Shine is about a world too fragile to tolerate much deviation from the norm. As much as Patrick’s unashamed homosexuality is the obvious target, Cat herself is "punished" in small ways throughout the book. She is singled out for being pretty (with some snide "a girl like you can’t be too surprised when men go after you" commentary and a bonus "smile baby"); for being "too smart" for Black Creek, where her efforts to get rid of her accent are seen as snobbery; and for being "white trash" when she goes into the city while tracking leads on Patrick’s assailant. Several characters in the book are paralyzed from taking action by the internalized shame which this restrictive social code has instilled in them. Peer pressure keeps the local bullies from stepping outside of their tough-guy roles. It prevents anyone from breaking out of the drug culture.

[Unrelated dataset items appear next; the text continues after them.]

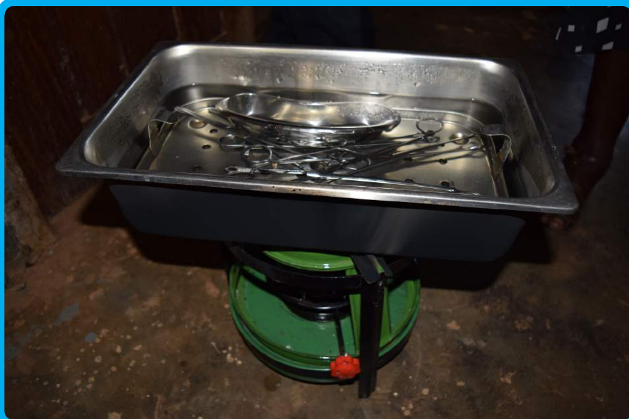
A dysfunctional sterilizer at Seeta Namugaga Health Center III in Mukono District. The health workers currently use a stove.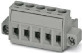
The figure shows a 5-pos. version of the product in gray

Plug component, Nominal current: 12 A, Rated voltage (III/2): 320 V, Number of positions: 2, Pitch: 5 mm, Connection method: Screw connection with tension sleeve, Color: black, Contact surface: Tin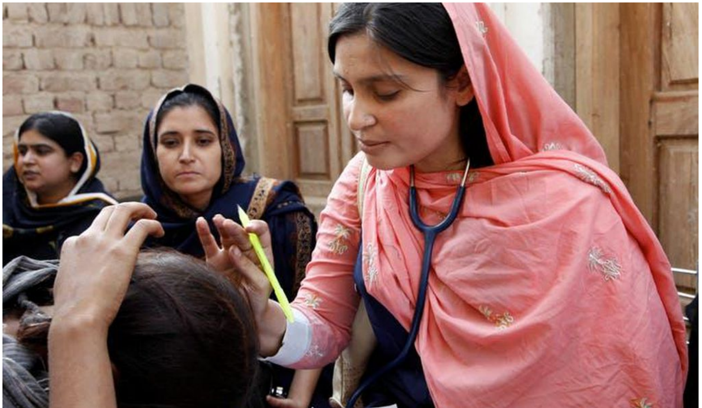
Polio eradication needs willing volunteers.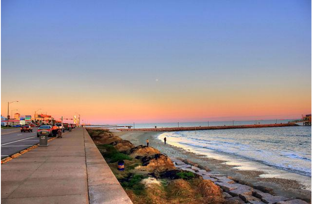
Galveston Seawall, a structural flood mitigation solution.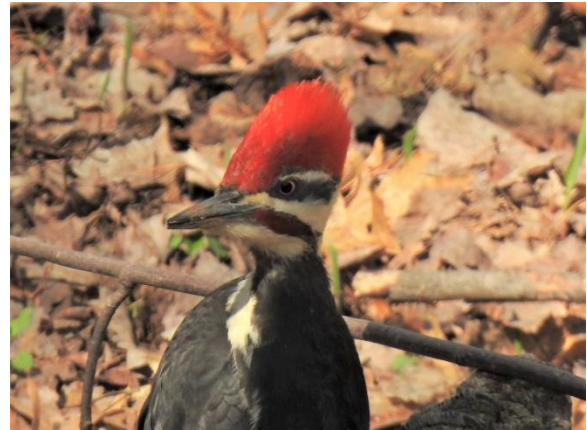
Pileated Woodpecker with the bright top knot

almost thirty inches and sports a bright red top knot.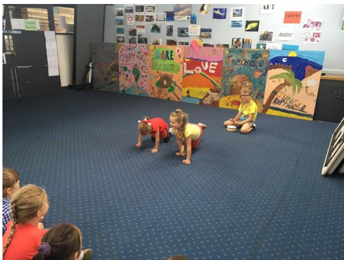
FS performing using elements of dance, drama and music!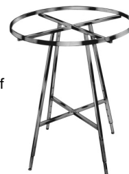
With 1" x 1 1/2" Rectangular Hangrail In Chrome Finish 36" Diam. No. ALK-71WD $120.00 ea. 42" Diam. No. ALK-73WD $130.00 ea.

In Satin Chrome Finish 36" Diam. No. ALK-71WD/SC $130.00 ea. 42" Diam. No. ALK-73WD/SC $160.00 ea.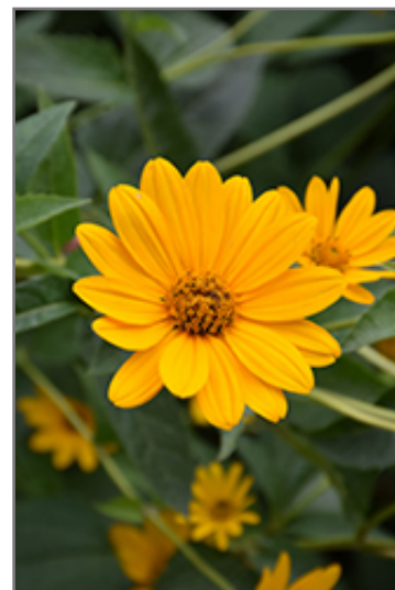
False Sunflower flowers

False Sunflower is recommended for the following landscape applications;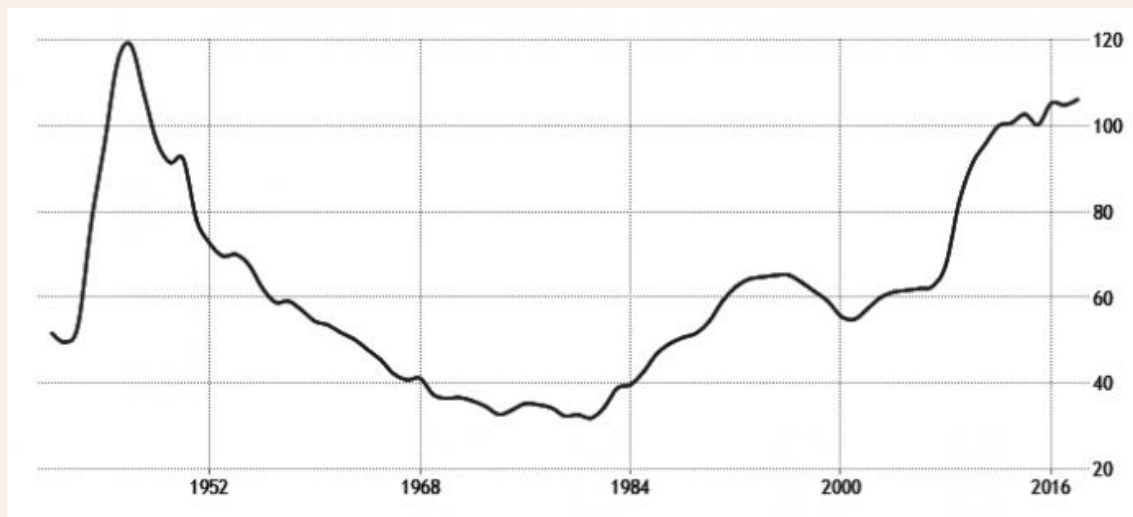
Figure 1: US Gross Federal Debt Ratio (Debt in percent of gross domestic product), 1940–2018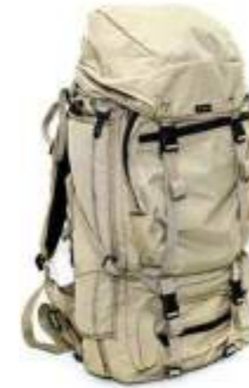
960 Backpack 60 L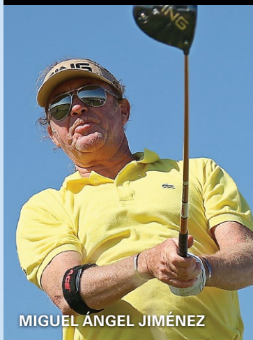
MIGUEL ÁNGEL JIMÉNEZ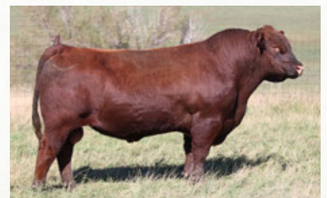
RED 3SCC NORTHBOUND F344 | SIRE

I love cattle that appear to float when on the move; when each and every joint work together with a full range of motion and stride length. Blackbird 512K demonstrates this at a high level. She is a larger outlined heifer for her age and is really long spined. I think this could be the sleeper heifer calf of the group that would be a great show heifer for the younger age divisions if someone is willing to put in the work on halter breaking her.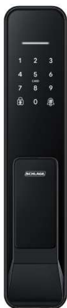
SCHLAGE S-8100 SERIES

Upgrade your home security with keyless convenience that not only looks sleek, it makes your home smarter!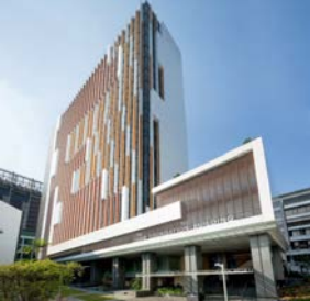
NUS Saw Swee Hock School of Public Health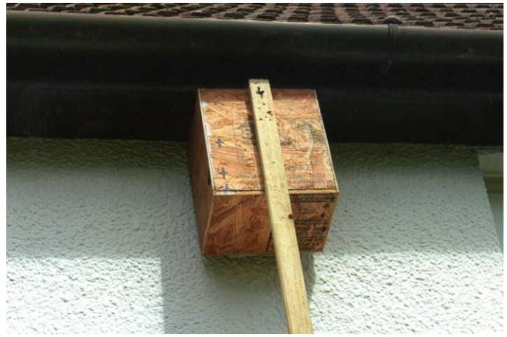
Swarm Catcher or Swarm Lure Box?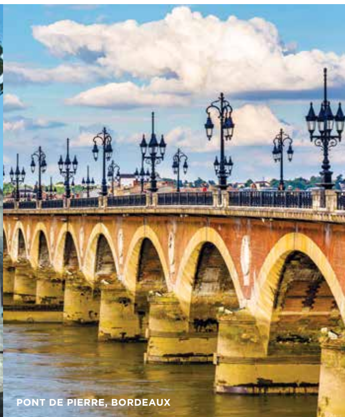
PONT DE PIERRE, BORDEAUX

site that possesses an extensive underground system of shafts, levels, and passageways. Aboard an electric train, travel more than a mile into the interior of the cave to see its artistic engravings or black contour drawings, which consist of 224 animals, primarily mammoths, and four human figures. In the afternoon, enjoy a private visit to a truffle farm in Saint-Cyprien, accompanying the owner and his dog in search of the precious fungus, and a vineyard visit with a tour of the cellar and a wine tasting.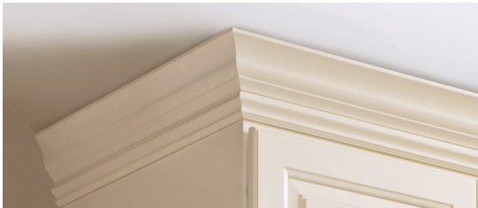
Decorative Crown Moulding

Our designer chose a Millbrook door style in Cherry finished in a Drift stain for the base cabinets as well as the middle wall cabinets complete with matching finished ends. For the upper tall cabinets, a complimentary Bedford Square door style in Maple with our Divinity paint leads your eyes up to the Decorative Crown and Large Cove Light Rail Crown Moulding and finished shelving that cap off the workspace. Below the upper cabinets, our Large Cove Light Rail Moulding gives a nice finish for the bottom of the upper wall cabinets. 87" tall side pilasters in matching Divinity paint are positioned on either end to support the space and show that this desk is an independent yet separately contained area. This tall pilaster is one of many new cabinet sizes and accessories that have been added in the mid-price point Select Series.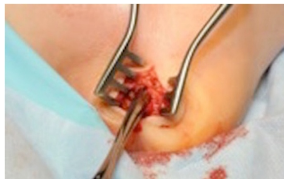
Fig. 5 Transverse incision above os calcis to drain pus

confirmed to be a Pantone-Valentine leucocidin (PVL)-negative strain. The patient continued his intravenously administered antibiotic regimen for a total of 2 weeks from the time of surgery, after which he was discharged home to continue with a 4-week course of flucloxacillin and fusidic acid administered orally. The blood results on discharge (3 weeks after admission) revealed a WCC of 5.4 \times 10^9/L , neutrophils 1.7 \times 10^9/L , ESR 18mm/hour and CRP <5\text{mg/L} .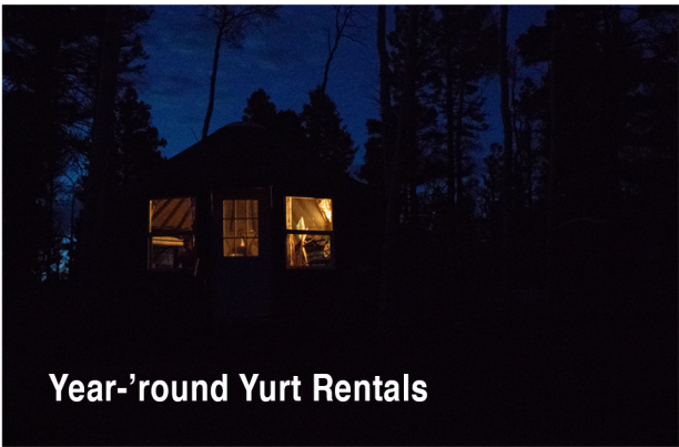
Year-'round Yurt Rentals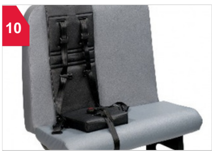
Unfasten seatbuckles before placing child in PCR as shown.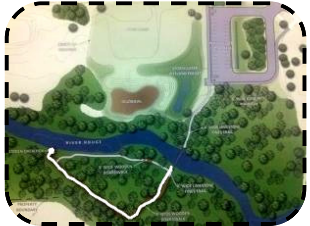
A preliminary draft of the boardwalk (shown in white) and other features that Wayne County Parks is contemplating.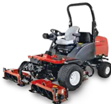
LT3340 - Heavy Duty Triple

The CT2240 reel mower is ideal for areas with restricted access and limited manoeuvrability.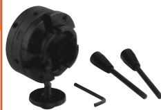
4" - 4 JAW SCROLL CHUCK 1" - 8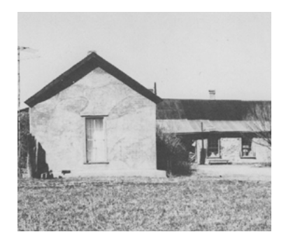
Selected images from "Lincoln, New Mexico: A Plan for Preservation and Growth"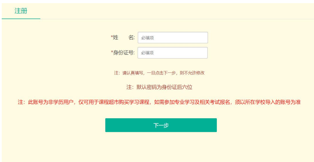
图 2 注册页面

进入下一步，填写手机号码及邮箱，上传个人证件照后，提交注册信息即可注册成功。注册信息填写界面如图 3 所示：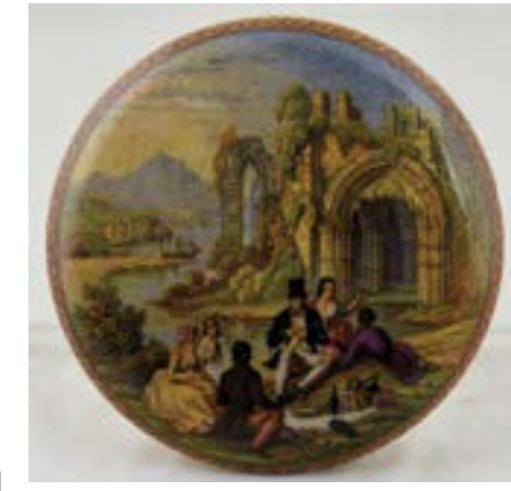
ST27. THE PICNIC multicoloured pratt lid. 4.5ins diam, old English Scene. Chips to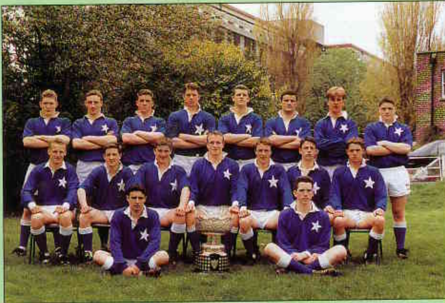
St Mary's Senior Rugby team, Leinster Champions 1994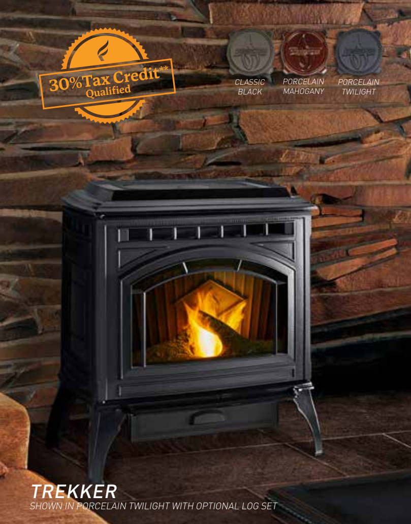
TREKKER SHOWN IN PORCELAIN TWILIGHT WITH OPTIONAL LOG SET

But if the book caught my interest with its unflinching depiction of a complicated little town, it won my heart with its tenderness towards its cast. Though no one is spared suffering or the consequences of their actions, even the worst of villains is given human compassion by the narrative.

The first glimpse of this is when Cat brings a plate of dinner to her father, who is an alcoholic living in a trailer behind his own house. Where many other books would draw the expected line from alcoholic to abusive, Shine gives its heroine a father who is merely neglectful, but still caring.

He poured the syrup over his food, and I said, "That is just nasty, Daddy."

He laughed, and I could smell the corn liquor on his breath. Also the sour odor of him needing a bath. Sadness overwhelmed me: for Patrick, for Daddy, for the whole hard lot of everything.


Daddy must have picked up on it, because concern clouded his eyes. "What's wrong, sweet pea?" That was his other nickname for me. I was either a kitten or a sweet pea, each incapable of making a dent in the world's injustice.


Of course, my big smelly daddy was pretty helpless himself. I loved Daddy, but in the way I might love a loyal old dog who could no longer follow me around, just thump his tale whenever I came near.
 
On a purely mechanical note, the mystery of who attacked Patrick is really well spun. I didn't guess the perp until just before Cat herself did, but then--as happens when a mystery has been well laid out--it made perfect sense.

I have to mention some obvious content warnings for hate crime violence, homophobia, and drug use, as well as a much more graphic sexual assault scene than I was really prepared to expect. It’s not going to be everyone’s cup of tea. Nevertheless, Shine is an extremely well-told tale that I recommend to anyone who can stomach it.